FTC – 1; Cookie Monster – 0: Impact of “Do Not Track” Legislation on Behavioral Targeting
Last week, the FTC published its proposal for regulating how advertisers track online consumers for the purpose of better serving digital advertisements. The proposal is spurred by repeated consumer complaints about perceived privacy violations with respect to how consumers are targeted with display ads online. The New York Times published several articles in the fall around how consumers were getting “stalked” by advertisers who follow them around the web – which has roused popular ire.
What does this mean to advertisers – specifically around display and social media advertising? (This is less of a paid search issue.)
Here are my thoughts on the issue:
- First, consumers already have the ability to temporarily opt out of all digital advertising — it is called “clear your cookie cache” in the browser controls.
- But this proposal says that any advertiser (or browser) must offer the option to opt out at the point of the cookie “drop” – so on the ad itself. The goal seems to be to make it more targeted and easier for consumers to opt out (as opposed to having to click three times in the Windows Control Panel).

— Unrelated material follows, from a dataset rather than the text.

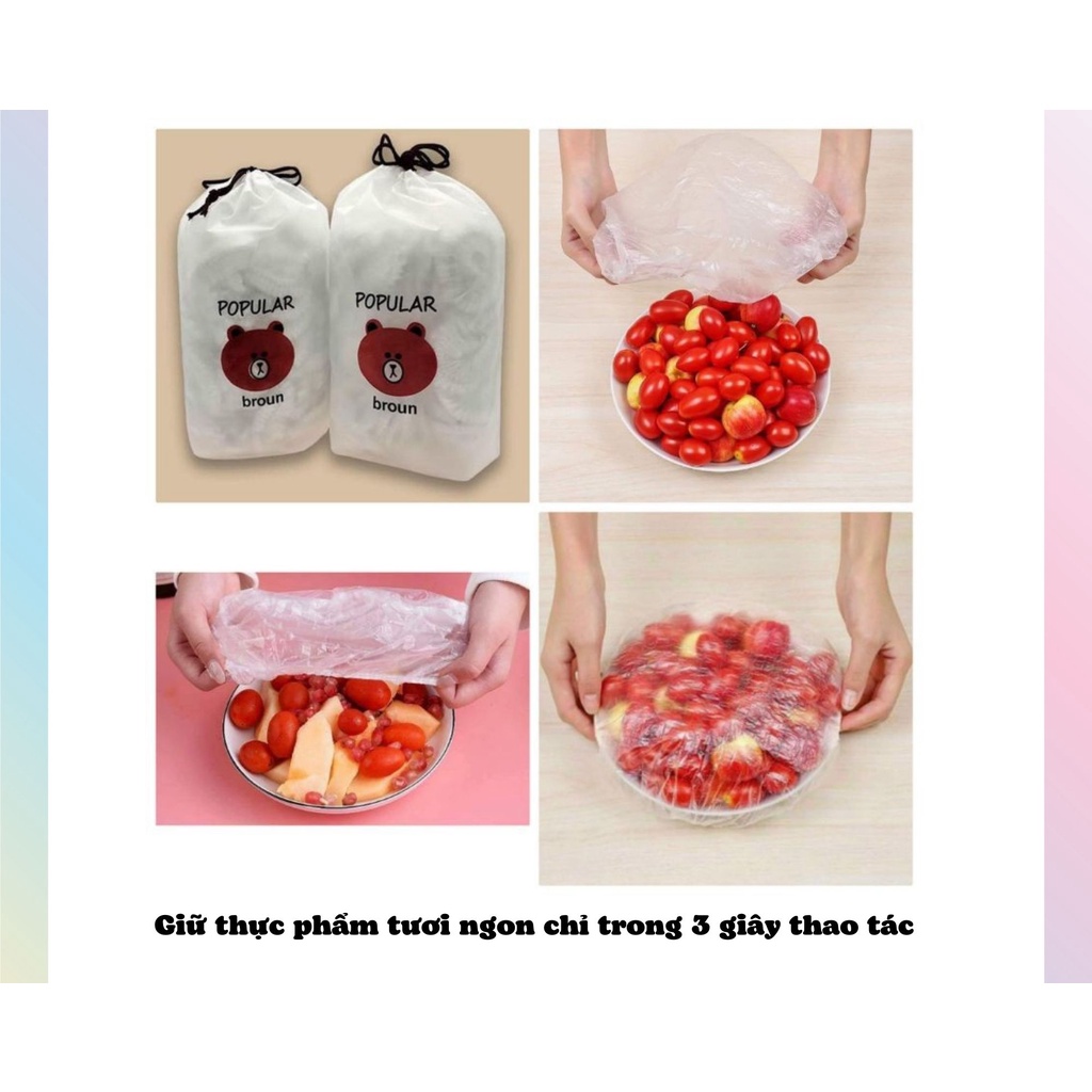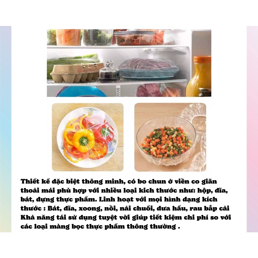 + Thiết kế đặc biệt thông minh, có bo chun ở viền co giãn thoải mái phù hợp với nhiều loại kich thước như: hộp, đĩa, bát,.. đựng thực phẩm.

- There is an apt and excellent parallel between the expected impact of this type of legislation. The decade old “Do Not Call” registry for telemarketing calls works in a very similar way. I used to do credit card marketing for several large credit card companies and we used telemarketing aggressively. The impact of Do Not Call was that ~15% of the overall consumer list had opted out after 10 years. So this was an important, but not necessarily a material change.
- It is valuable to note that for the Do Not Call list for telemarketing and direct mail there was an unintended consequence for consumers. The credit card companies continued to market, but they just did so in less targeted ways. Instead of telemarketing calls, they did more direct mailers, more TV ads, more statement stuffers – all of which were less effective, more expensive, and bombard the consumer with different types of unsolicited advertisements and marketing.
For digital, behaviorally targeted ads account for a large part of the overall display and digital media pie. IAB estimates 80% of display ads have some level of targeting involved. And why? Because they work! People who search for “auto loan” are tipping their hand that they are in the market – so they are going to be bombarded with car-related ads. So similar conclusions can be drawn.
My view – this type of regulation is dumb. It creates inefficiencies in the market. Advertisers that abuse their use of personal information will be punished by the market. Same way telemarketers are. Let me provide an example. One of our clients is a manufacturer of cancer related drugs. They were using retargeting aggressively, but they stopped when they received feedback that consumers did not want to be stalked around the net by companies promoting cures for cancer. They received the feedback, they agreed that their product was not ideally suited to this type of behavioral targeting, and they self regulated.
Advertisers have the right to market their products – and if they can use public information (which is what cookie-based behavioral targeting is based on) to divine user intent – they are creating more efficient markets, not invading privacy. The FTC proposal provides consumers with “recourse” – but at a cost.
- Customers will have a recourse to “punish” marketers who abuse their behavioral targeting.
- The impact, if like in telemarketing, will not diminish inventory significantly – and in fact acts like a form of behavioral targeting (expressed massive disinterest).
- Consumers, even if they opt out, will still get marketed to – just with “spray and pray” advertising – i.e., non-targeted.
- Overall, the cost of marketing will increase, with little to temper consumer dissatisfaction with advertising. The only remedy is to … well, build better ads.